:: Source data
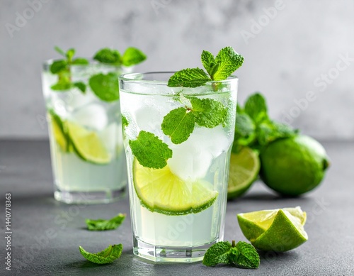 Refreshing Mojito Cocktail with Mint and Lime on Crushed Ice
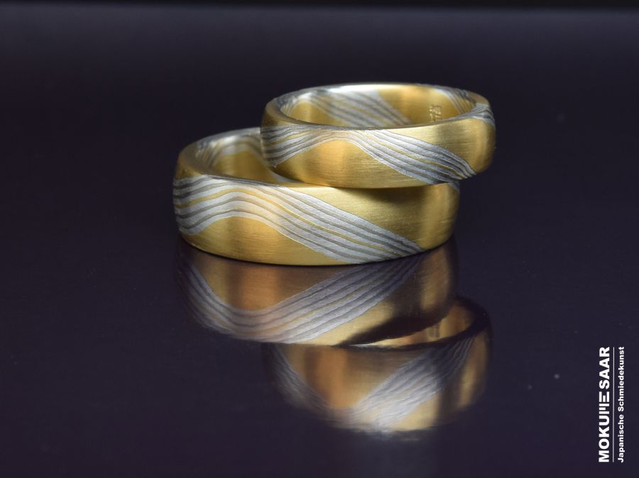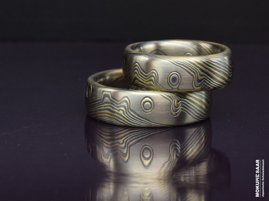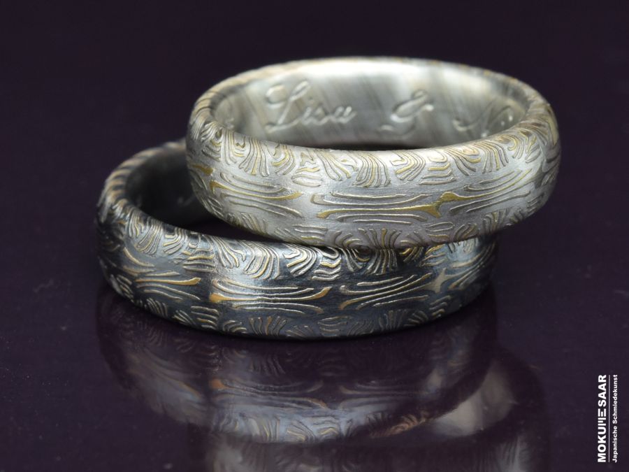Bist du auf der Suche nach etwas wirklich Besonderem für deine Trauringe? Hier bei Mokume-Saar bieten wir handgefertigte Mokume Gane Ringe, die nicht nur einzigartig, sondern auch individuell sind. Mokume Gane ist eine traditionelle japanische Schmiedetechnik, die eine lange Geschichte hat. Ein Ring aus Mokume Gane ist also nicht nur ein Schmuckstück, sondern auch ein Stück Kulturgeschichte. Was unsere Ringe wirklich besonders macht, sind die ungewöhnlichen Muster, die wir mit dieser traditionellen japanischen Schmiedetechnik erschaffen. Jeder Ring wird von uns mit großer Sorgfalt und Liebe zum Detail handgefertigt. Den Schmiedeblock als Ausgangsmaterial für unsere Schmuckstücke stellen wir von Grund auf selbst her. Wir verwenden recyceltes Grundmaterial und stellen damit sicher, dass jedes Stück nicht nur einzigartig, sondern auch umweltfreundlich ist. Die Muster unserer Trauringe sind unvergleichlich. Durch die Kombination verschiedener Edelmetalle entstehen einzigartige Maserungen von warmen Goldtönen bis hin zu Graunuancen. Neben ihrer einzigartigen Ästhetik bieten unsere Mokume Gane Ringe auch einen hohen Tragekomfort. Feine Handwerkskunst und hochwertige Materialien sorgen dafür, dass eure Ringe nicht nur schön sind, sondern auch angenehm zu tragen. Aber das ist noch nicht alles. Wir gravieren eure Trauringe persönlich in alter Handwerkskunst mit einer Handgravur. So erhalten eure Ringe eine ganz persönliche Note, die eure Liebe und Verbundenheit für immer in euren Eheringen festhält. Bei Mokume-Saar legen wir großen Wert auf gute Beratung und persönlichen Service. Wir haben ein offenes Ohr für eure Wünsche und Ideen und setzen sie mit Liebe zum Detail in ein einzigartiges Design um. Es ist uns sehr wichtig, dass eure Trauringe genau euren Vorstellungen entsprechen. Das Ergebnis? Ein echtes Unikat, das eure Liebe und eure Persönlichkeit perfekt zum Ausdruck bringt.
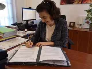 La consellera de Asuntos Sociales y Deportes, Fina Santiago, firma la resolución para permitir visitas a usuarios de residencias en las que no haya casos de COVID-19. - CAIB
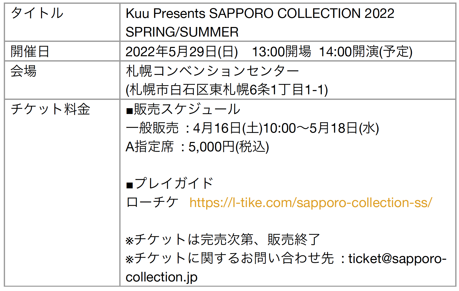 Kuu Presents SAPPORO COLLECTION 2022 SPRING/SUMMER 開催概要
::::
▶ _Required action_
Everything above except the pictures needs to be reproduced exactly.

▶ _Completed exercise_
 Refreshing Mojito Cocktail with Mint and Lime on Crushed Ice
Bist du auf der Suche nach etwas wirklich Besonderem für deine Trauringe? Hier bei Mokume-Saar bieten wir handgefertigte Mokume Gane Ringe, die nicht nur einzigartig, sondern auch individuell sind. Mokume Gane ist eine traditionelle japanische Schmiedetechnik, die eine lange Geschichte hat. Ein Ring aus Mokume Gane ist also nicht nur ein Schmuckstück, sondern auch ein Stück Kulturgeschichte. Was unsere Ringe wirklich besonders macht, sind die ungewöhnlichen Muster, die wir mit dieser traditionellen japanischen Schmiedetechnik erschaffen. Jeder Ring wird von uns mit großer Sorgfalt und Liebe zum Detail handgefertigt. Den Schmiedeblock als Ausgangsmaterial für unsere Schmuckstücke stellen wir von Grund auf selbst her. Wir verwenden recyceltes Grundmaterial und stellen damit sicher, dass jedes Stück nicht nur einzigartig, sondern auch umweltfreundlich ist. Die Muster unserer Trauringe sind unvergleichlich. Durch die Kombination verschiedener Edelmetalle entstehen einzigartige Maserungen von warmen Goldtönen bis hin zu Graunuancen. Neben ihrer einzigartigen Ästhetik bieten unsere Mokume Gane Ringe auch einen hohen Tragekomfort. Feine Handwerkskunst und hochwertige Materialien sorgen dafür, dass eure Ringe nicht nur schön sind, sondern auch angenehm zu tragen. Aber das ist noch nicht alles. Wir gravieren eure Trauringe persönlich in alter Handwerkskunst mit einer Handgravur. So erhalten eure Ringe eine ganz persönliche Note, die eure Liebe und Verbundenheit für immer in euren Eheringen festhält. Bei Mokume-Saar legen wir großen Wert auf gute Beratung und persönlichen Service. Wir haben ein offenes Ohr für eure Wünsche und Ideen und setzen sie mit Liebe zum Detail in ein einzigartiges Design um. Es ist uns sehr wichtig, dass eure Trauringe genau euren Vorstellungen entsprechen. Das Ergebnis? Ein echtes Unikat, das eure Liebe und eure Persönlichkeit perfekt zum Ausdruck bringt.
 La consellera de Asuntos Sociales y Deportes, Fina Santiago, firma la resolución para permitir visitas a usuarios de residencias en las que no haya casos de COVID-19. - CAIB
 Kuu Presents SAPPORO COLLECTION 2022 SPRING/SUMMER 開催概要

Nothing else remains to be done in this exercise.